This is the latest instalment of our new weekly series, in which we use the Centre for Cities’ data tools to crunch some of the numbers on Britain’s cities.
You know, we’ve got into a bit of a pattern with this series. “People talk about the north south divide,” we’ll say. “But when you look at the numbers, actually, it’s a lot more complicated than that.” What can we say, we’re as prone to repeating predictable narratives as any other media organisation.
This week, then, when we crunched some numbers and discovered that divide was still alive and well, it was almost a surprise – albeit not a particularly pleasant one.
This map shows the percentage change in the population of Britain’s cities between 1981 and 2013. (We chose those dates for no other reason than they were the earliest and latest on which data was available.) You can see the figures for any individual city, just by hovering the mouse over it.

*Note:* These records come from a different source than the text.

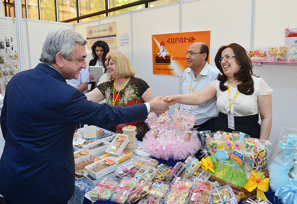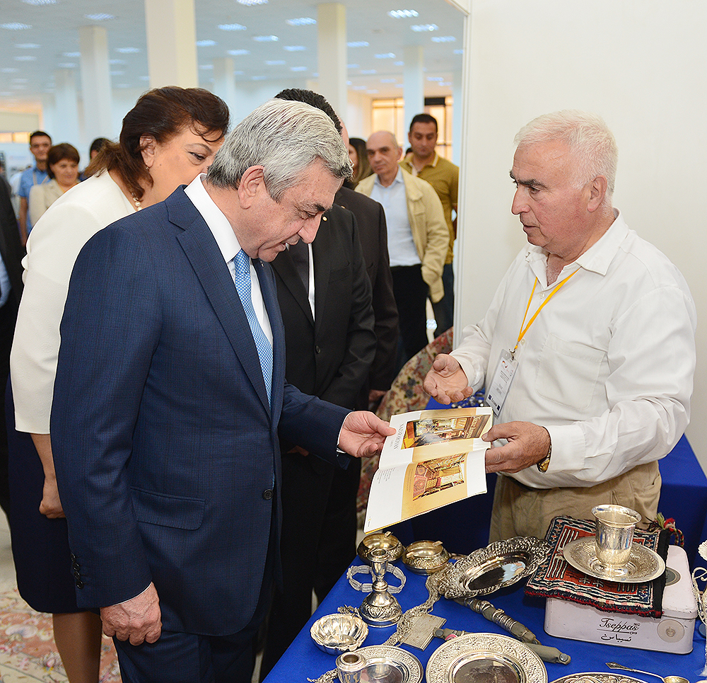 Տպագրության, հրատարակչության, ոսկերչության, փայտամշակման, զբոսաշրջության, ասեղնագործության, սարքավորումների արտադրության, հաստոցաշինության և այլ ոլորտներում արտադրանք թողարկող մեր հայրենակիցների ջանքերը Սերժ Սարգսյանը ոգևորիչ է համարել և բարձր գնահատել ներկայացված ապրանքների որակական հատկանիշները: Նախագահը սիրիահայ ձեռներեցների հետ քննարկել է իրենց արտադրանքի իրացման և արտահանման հնարավորություններին վերաբերող հարցեր: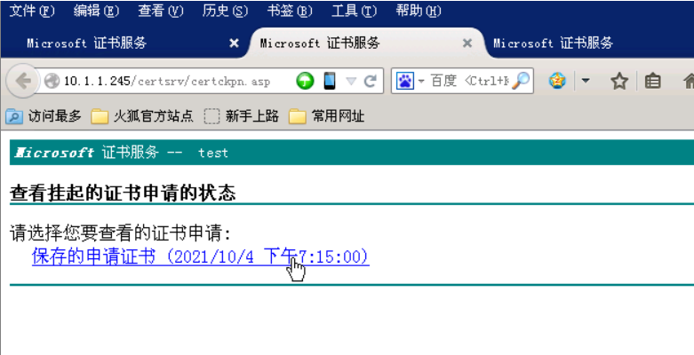 打开浏览器,输入刚才我们搭建的证书服务器地址: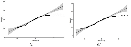 Each answer was considered individually (“How good were the answers?” and “How correct were the answers?”) and then grouped. To group the results, the ten scores from a single participant were added. This provides an aggregated score with a minimum value of 10 and a maximum of 50 per participant. Normality tests were conducted, and the data did not show a normal distribution.

The north-south split is already pretty clear, but it becomes even clearer when you go to the extremes of the league table. Here are the 10 cities which grew the most in those 32 years:
Not coincidentally, four of these cities – Telford, Northampton, Peterborough, and Milton Keynes – are “new towns”, designated by the governments of the 1960s as areas of growth. The largest of these has grown so much faster than the others that its lead on this measure is effectively uncontested.
Milton Keynes, the giant new town in Buckinghamshire, has only existed since 1967. In less than 50 years, it’s grown to become a fair sized city, with a population of 256,000, and between 1981 and 2013 the number of people who lived there grew by 103 per cent. The second fastest growing city over that period was Swindon: that grew by just 41 per cent.
Anyway, we’re getting off topic here. The main point to notice is that only one of Britain’s boom towns is above the line from the Bristol Channel to the Wash: that’s Telford, in the Midlands. All of the others are pretty comfortably within London’s orbit.
Now check out the bottom 10, all of which have shrunk. (Just FYI, every other city on this list has grown.)
Two in Scotland, eight in the north, and basically all of them once famous for heavy industry – docking, shipbuilding, manufacturing. This is economic change, making itself known through demographics.
In the name of completism, here’s one last map. This one is absolute, rather than relative, changes in population.
The individual cities at either end of the map are different (for obvious reasons, larger cities are more prone to numerically large changes in population). The north south divide, though, still very clearly holds.
These maps show a third of a century’s worth of change. It’s an entire generation, including three recessions and three booms.
So in the weeks to come we’ll be breaking this down a bit – to see whether the story changes at all when you look at shorter time periods. You lucky people.